* _Dataset content_

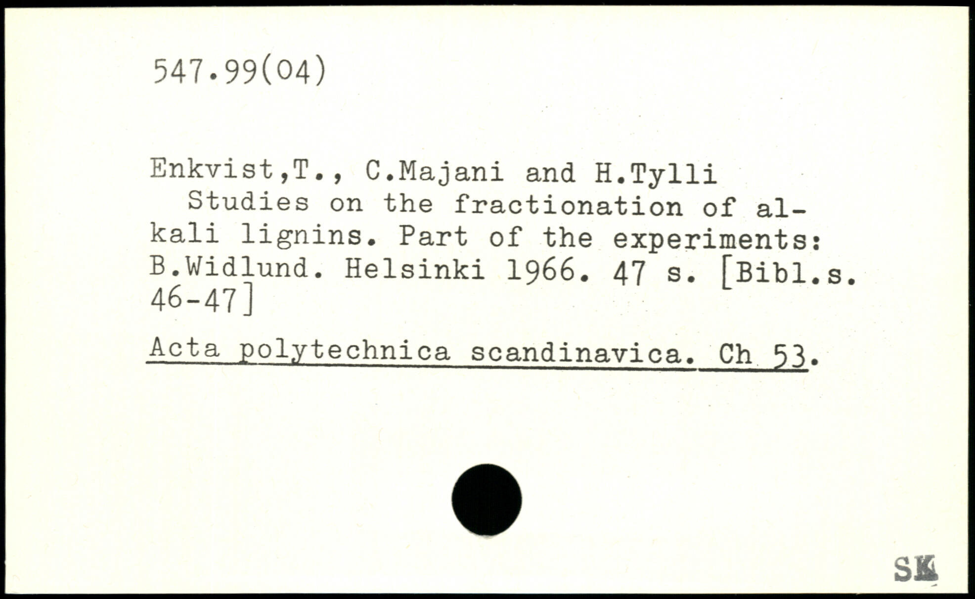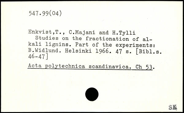 Studies on the fractionation of alkali lignins. Part of the experiments: B.Widlund.
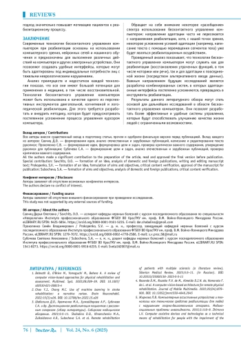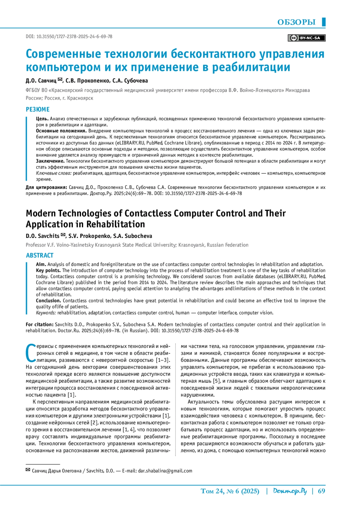 Цель. Анализ отечественных и зарубежных публикаций, посвященных применению технологий бесконтактного управления компьютером в реабилитации и адаптации.
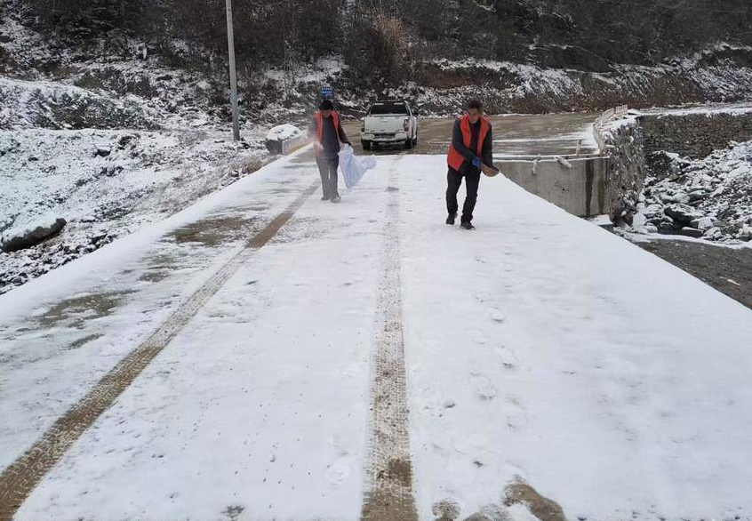 房县新闻网讯 通讯员 张伟 报道:近日,受持续低温雨雪天气影响,白鹤镇雷家冲村部分道路出现积雪和结冰现象,给村民出行和生产生活带来较大安全隐患。为确保道路安全畅通,保障群众正常生活秩序,村两委迅速行动,第一时间组织党员干部及志愿者开展道路撒盐除冰工作,用实际行动温暖寒冬。
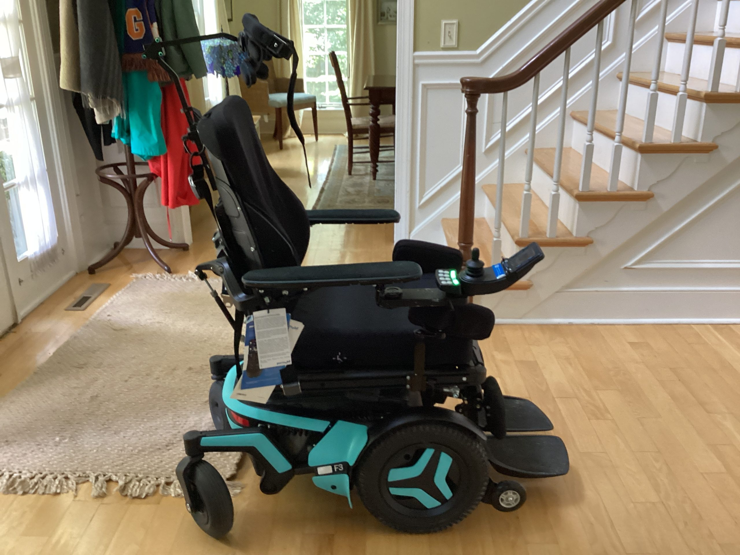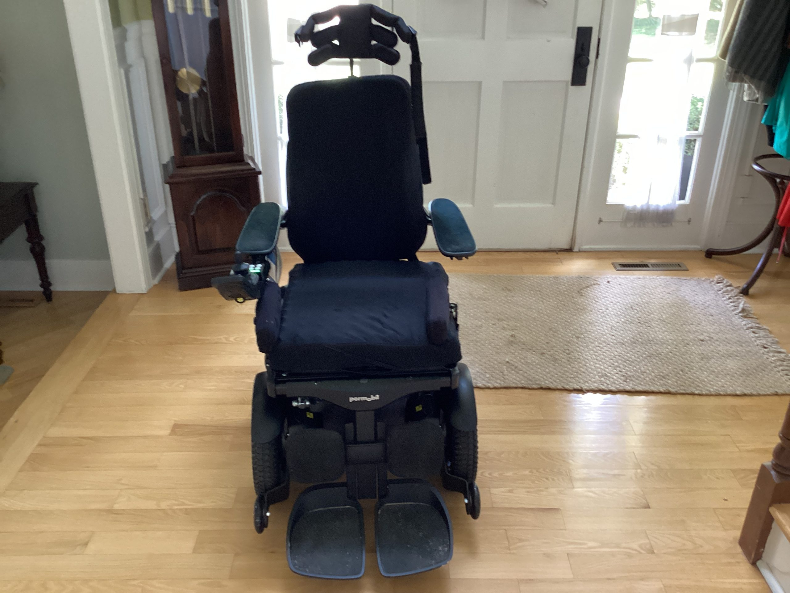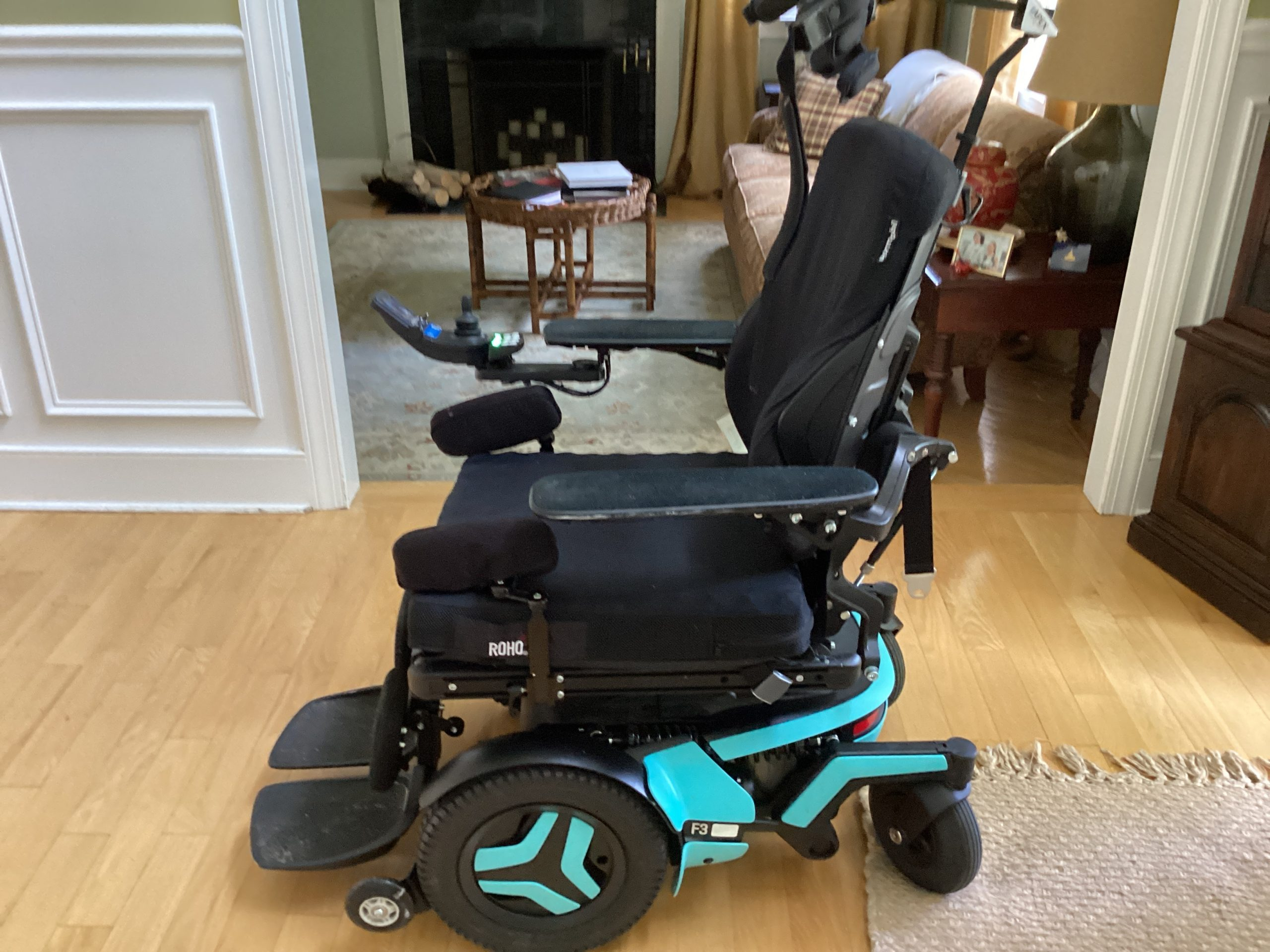 Permobile F3 Corpus Wheelchair, purchased in January 2023 and used through May 2023. Tilt is place, with lift and leg rise. Black and teal blue and used mostly indoors. Very low mileage and in like new condition. The F3 Corpus offers the smallest footprint of the F-Series front wheel drive power wheelchairs. Its compact size and agility allows users to easily maneuver in and out of tight spaces. The optimized battery weight distribution, lower center of mass and fully adjustable ComfortRide suspension improve stability while traversing inclines or declines. Experience the enhanced functionality of the F3 by combining outstanding chassis performance with Permobil’s industry leading Corpus Seating Systemoffering 12” of ActiveHeight and up to 30 degree of AvtiveReach forward tilt technology.

* _Work required_
The response should consist of the lines above from the first through the one containing "Цель. Анализ отечественных", transcribed exactly, with every picture left out.

* _Problem solution_
 Studies on the fractionation of alkali lignins. Part of the experiments: B.Widlund.
 Цель. Анализ отечественных и зарубежных публикаций, посвященных применению технологий бесконтактного управления компьютером в реабилитации и адаптации.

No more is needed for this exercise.